Selling a business is obviously complicated. Finding a seasoned business broker can help you demystify many aspects of buying and selling a business. Ultimately, having the best deal structure and finding the right buyer can be a labyrinthian process. Having the very best professional help in your corner is simply a must.
If you don’t exactly understand what corporate social responsibility (CSR) means, don’t worry. We’ll cover the main points you need to know. CSR is increasingly seen as something that companies of all sizes need to be aware of, so let’s take a closer look at a few of the finer points.
There are 4 basic pillars in CSR: the community, the environment, the marketplace and the workplace. The community pillar of CSR refers to your company’s contribution to the local community; this contribution can take a variety of forms ranging from financial support to personal involvement.
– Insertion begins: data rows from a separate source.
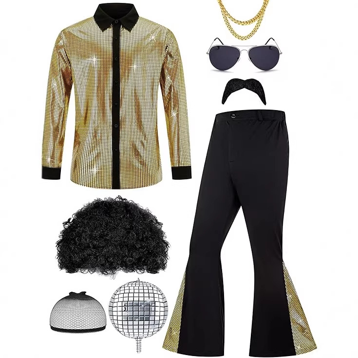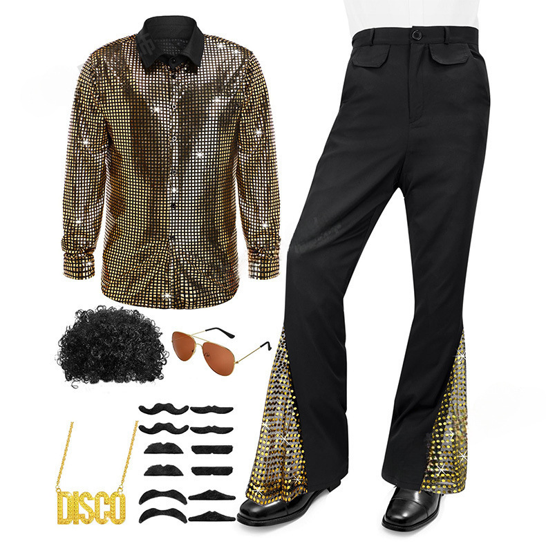 Дискотечная мужская одежда для выступлений 2025: мужская рубашка с длинным рукавом, брюки, ретро-костюм для сцены и косплея.
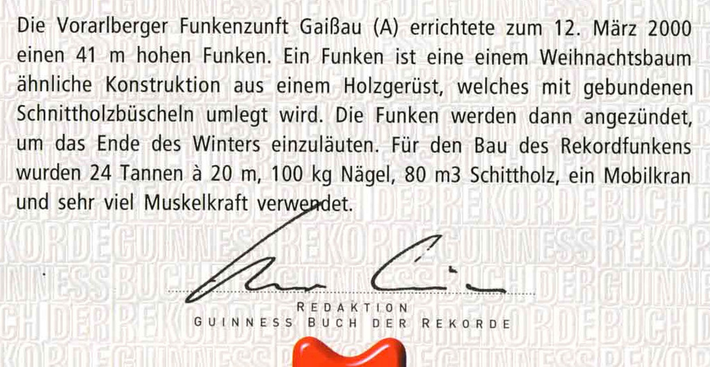 Bestätigung durch das Guinnessbuch
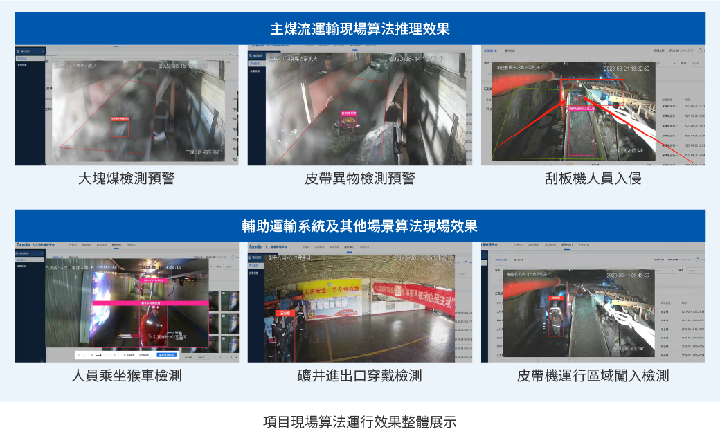 鯤雲(yún)科技助力寧煤白芨溝煤礦建設(shè)工業(yè)影像智能分析系統(tǒng)應(yīng)用,覆蓋採煤工作面、掘進工作面、主運輸系統(tǒng)、輔助運輸系統(tǒng)及其他井下關(guān)鍵場景,基於煤礦AI智慧安全管理監(jiān)測平臺,提供人員違規(guī)闖入、未穿戴安全著裝、採煤機 / 刮板機等設(shè)備運行狀態(tài)、皮帶跑偏/大塊煤/異物/載人跨越、猴車超長超寬檢測、煙霧火焰識別等10餘種AI算法,實現(xiàn)井上井下生產(chǎn)運行場景異常情況的智能識別和即時預(yù)警。
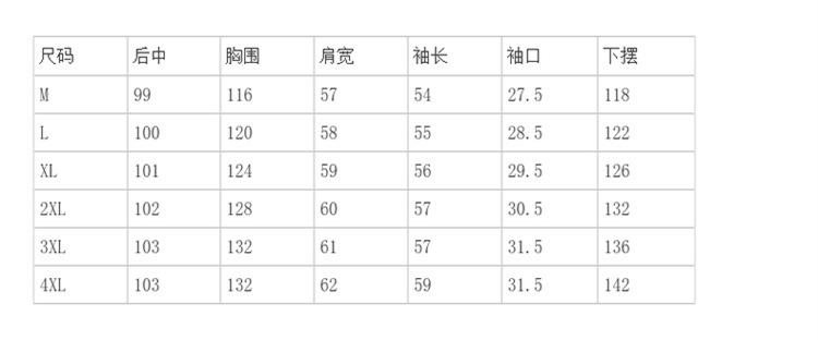 170/M, 175/L, 180/XL, 185/2XL, 190/3XL, 195/4XL
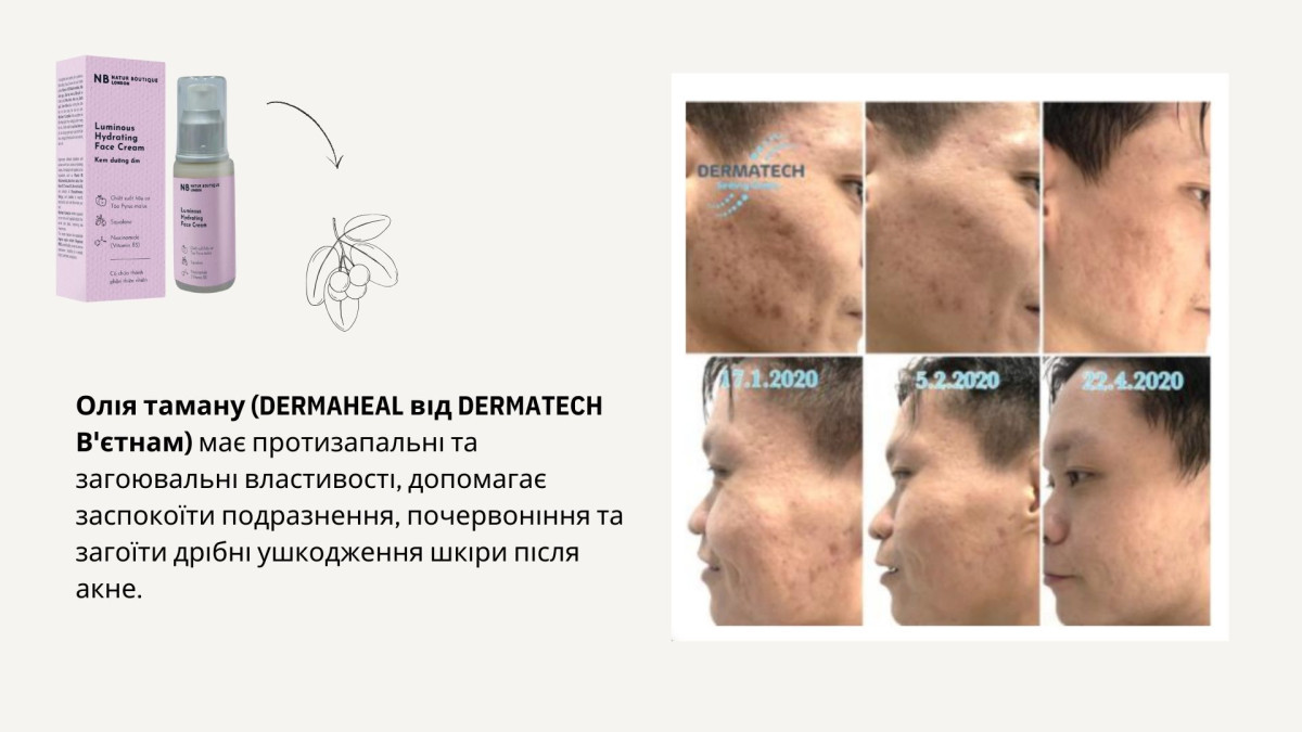 • Олія таману відома своїми регенеративними властивостями.
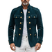 The Men's Corduroy Solid Color Stand Collar Button-Trimmed Slim Fit Jacket is a must-have for the fashion-forward man. Combining functionality with style, this jacket will keep you looking sharp and feeling comfortable regardless of the occasion. Add this timeless piece to your wardrobe today.
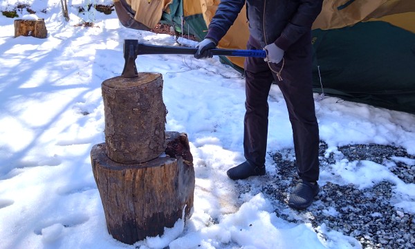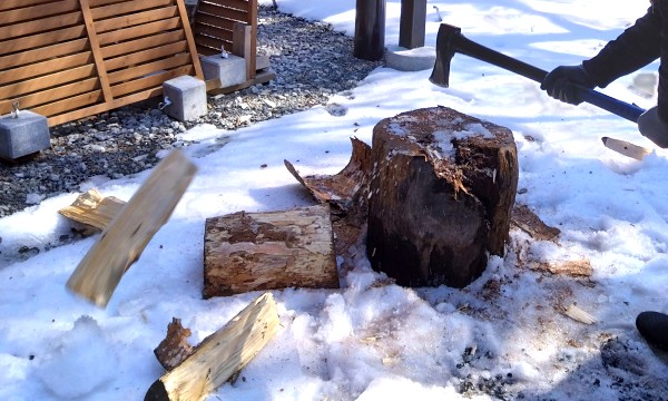 薪割りを見守りながら、ちょっとキャンプ場の人とおしゃべり。雪は3日前にたくさん降ってようやくここまで溶けたとか、以前利用した薪ストーブのあったコテージは今はピザ窯が設置されているとか。焼き立てピザかぁ、いいなあ。
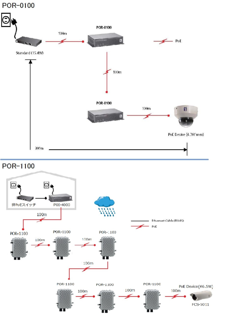 | POR-1100 | 屋外用PoE 受電受給電中継リピーター |
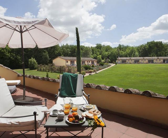 Naast een ruime, authentieke kamer met een adembenemend uitzicht op de wijngaarden en heuvellandschappen, is er ook een uitstekend restaurant en een groot zwembad. Je kunt hier zoveel doen en beleven. Morgen wil ik Toscane gaan verkennen. Maar hoe? Zal ik per fiets of te voet er op uittrekken? Of toch per paard? Het kan namelijk allemaal. Ik beslis morgen wel. Nu eerst even genieten van een heerlijke, Toscaanse maaltijd in het restaurant.
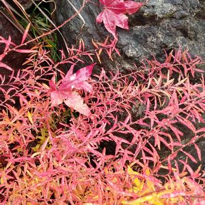 春には真っ白に咲くユキヤナギも 今は紅葉 でも もう花芽がポチポチポチ…と! 濡れた岩には 枝を離れた猩々もみじの葉が ひと葉 ふた葉 ……
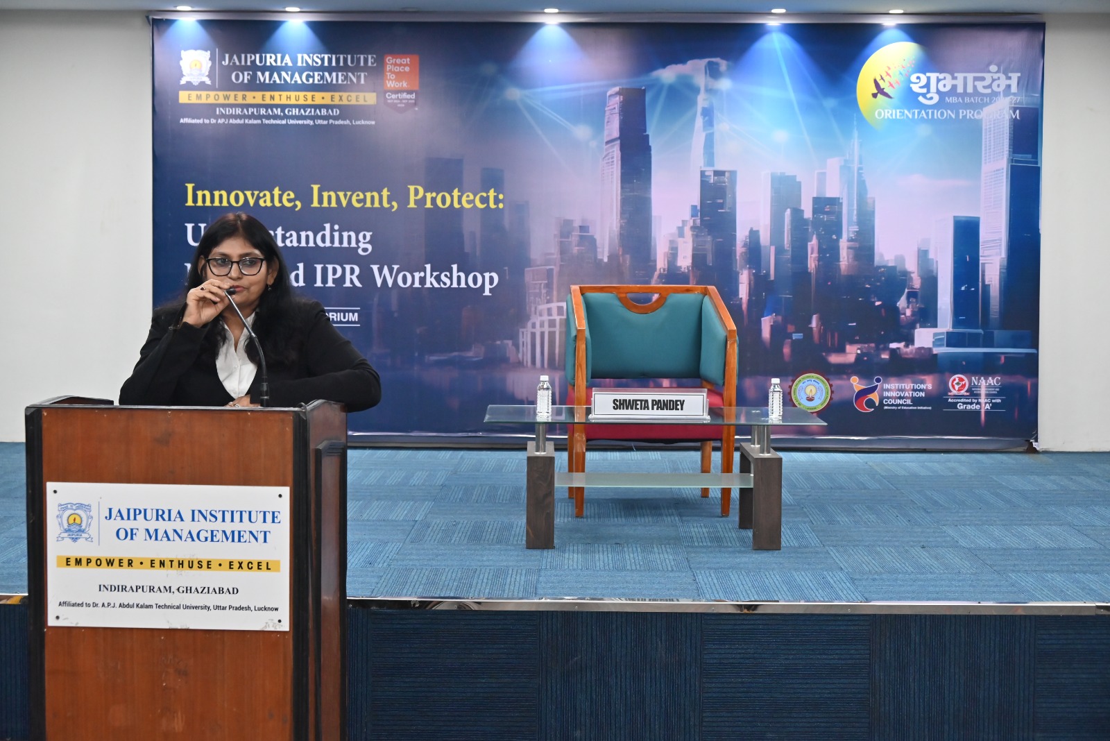 On 28th August 2025, Jaipuria Institute of Management, Ghaziabad, under the aegis of its Institution’s Innovation Council (IIC), organized a highly engaging workshop titled “Innovate, Invent, Protect: Understanding NISP and IPR.” The two-hour session aimed to strengthen MBA students’ knowledge of the National Innovation and Startup Policy (NISP) and Intellectual Property Rights (IPR), highlighting their practical applications in academic and entrepreneurial contexts.
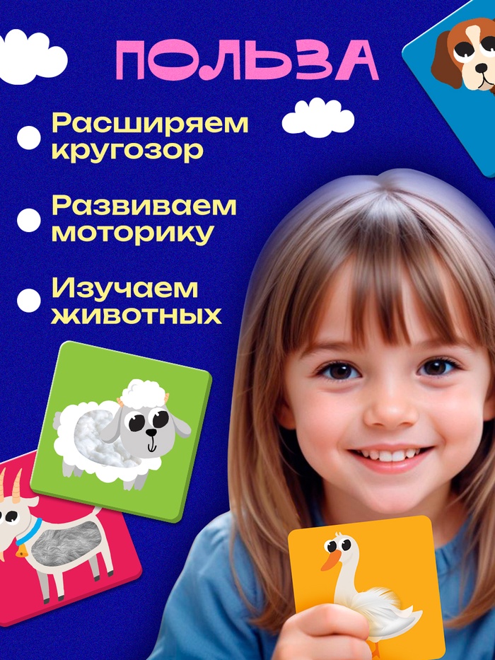 Развивающий набор «Животные фермы», тактильные карточки — Характеристики
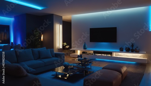 Modern luxury bed room night view blue led light
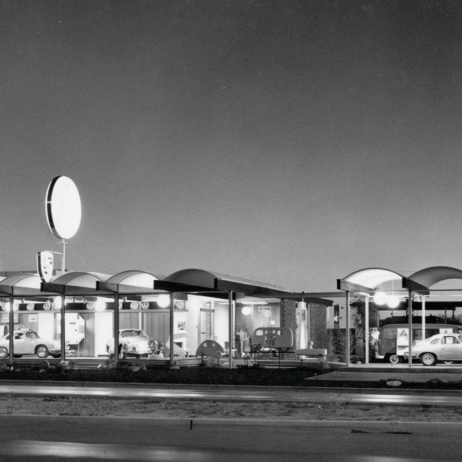 Speedway. The Volkswagen and Porsche dealership was designed by the
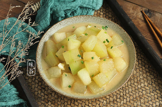 【材料】:冬瓜 450克、白腐乳 2块、蒜 2瓣、香葱 适量、生抽 1 汤匙、盐 少许
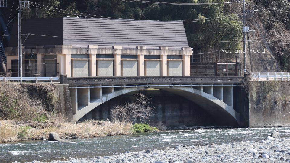 対岸から見たときには桟道橋だと思ったが違った。嵐発電所は1920(大正9)年8月に運転開始なので、現在の湯觸橋が架けられる前にもここに橋があった可能性が高い。発電所の放水路をここではなく20mほど下流に設けたのはどんな制約があったのだろうか。
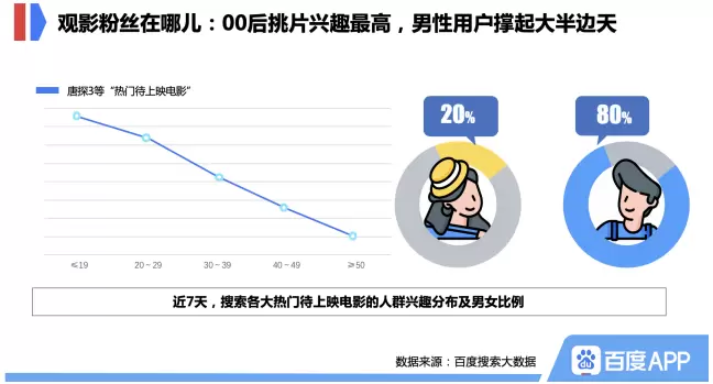 百度搜索大数据显示,在搜索各大热门待上映电影的人群中,00后的搜索兴趣最高,忙“挑片”,而男性用户搜索占比达80%,比女性更期待重启影院观影生活。
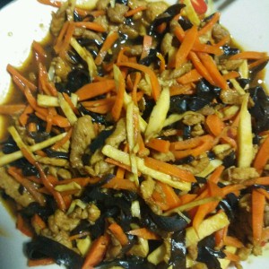 少油起锅,放姜蒜炒香,加肉丝,翻炒后加入笋丝,萝卜丝,木耳丝。翻炒后加入调好的汁,炒匀,收汁出锅。
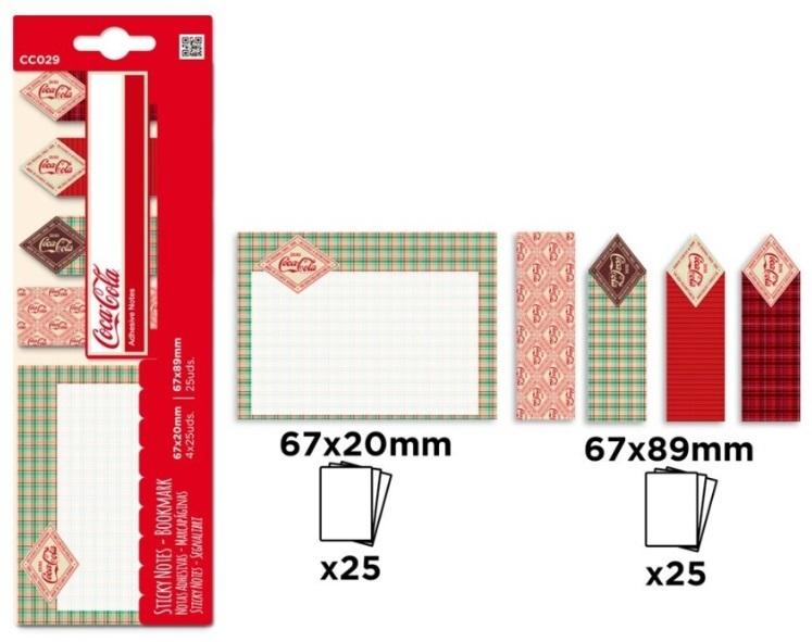 Wymienne karteczki samoprzylepne z motywami Coca-Coli w stylu vintage. Opakowanie zawiera: 25 banknotów o wymiarach 67 x 20 mm i 4 bloczki po 25 banknotów o wymiarach 67 x 89 mm. Vintage projekty Coca-Coli. Oficjalna licencja.
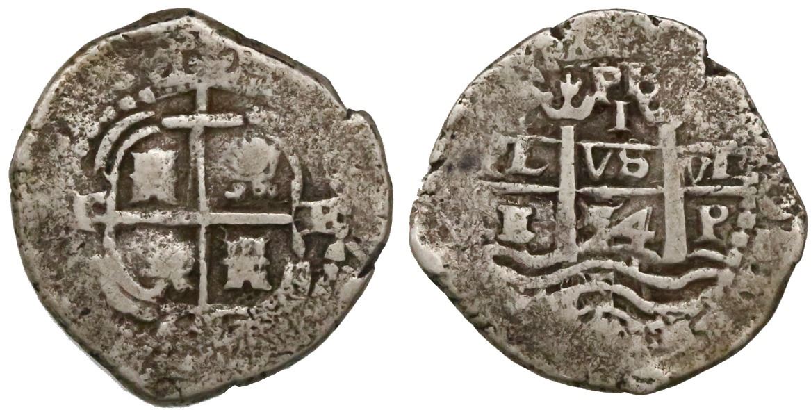 Potosi, Bolivia, cob 1 real, 1654E, PH at top. S-P37a; KM-13; CT-1054. 5.78 grams. Overweight flan (probably originally meant for a 2R), with full and well-centered pillars-and-waves and cross, Fine+ with toned fields.
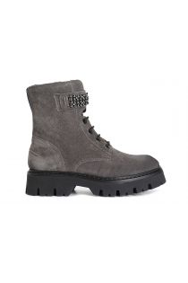 Schnürstiefelette aus wildleder mit schmuckaccessoire. reißverschluss innen. die innensohle ist aus leder. die tanksohle aus extraleichtem material strafft das modell und macht es hyperaktuell.
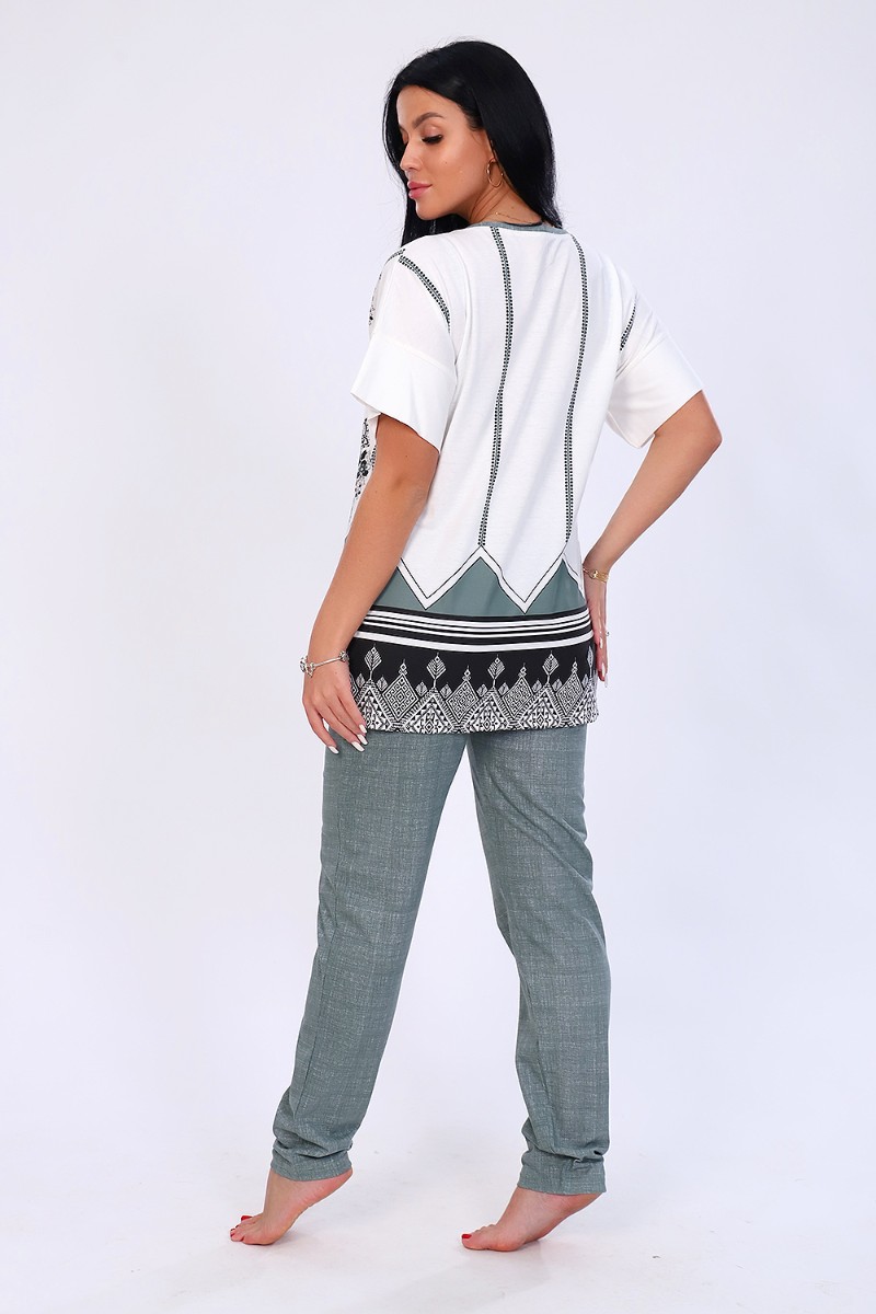 Представляем Вашему вниманию мягкий, уютный женский костюм двойку из 100% хлопка. Костюм состоит из кофты с короткими рукавами и брюк. На кофте выполнен оригинальный принт в стиле восточных мотивов, который будет ярким и качественным даже после многочисленных стирок. Брюки сшиты из яркой, качественной, натуральной трикотажной ткани. Костюм идеально подойдет для прогулок, занятий спортом или для повседневной носки. В этом костюме вам будет очень удобно, при этом вы будете себя чувствовать комфортно и расслабленно.

The second pillar of CSR is the environment. The simple fact is that people around the world are becoming much more environmentally aware. You can be quite certain that a percentage of your customers and/or clients have environmental concerns.
Increasingly, consumers want to know that the companies that they are purchasing from have good environmental practices. There are many ways that businesses can show that they are environmentally aware. They range from recycling and using low-emission and high-mileage vehicles whenever possible to adopting packaging and containers that are environmentally friendly.
The third pillar of CSR is the marketplace. Proper corporate social responsibility includes the responsible utilization of advertising, public relations, and ethical business conduct. Another key element in the marketplace pillar is adopting fair treatment policies towards suppliers and vendors, contractors and shareholders. In other words, the marketplace aspect of CSR means rejecting exploitative business practices in favor of fairer and more equitable business practices.
The final pillar of CSR concerns the workplace. In the workplace pillar, CSR encourages the implementation of fair and equitable treatment of employees, as well as observing workplace safety protocols and embracing equal opportunity employment and labor standards.
Adopting CSR practices in today’s business climate is a prudent decision, as it serves to increase both shareholder and investor interest, while simultaneously encouraging a company’s value. Likewise, embracing CSR practices can make it easier to attract a buyer and that party may be willing to pay a higher selling price.
Typically, buyers want a business that has many of the attributes supported by the four pillars of CSR. Buyers want businesses that enjoy a high level of customer loyalty and have good overall relations with the local community. Additionally, buyers want businesses that have quality relationships with their suppliers and vendors as well as loyal and dependable employees.
Sellers must realize that buyers want products, goods and services that are in line with the current trends of the marketplace and have an eye towards future trends. Finally, buyers want as little “baggage” as possible. You can be certain that buyers don’t want to find any skeletons lurking about in the company closet. The proper utilization of CSR can address all of these concerns and, in the process, make your business more attractive to a potential buyer.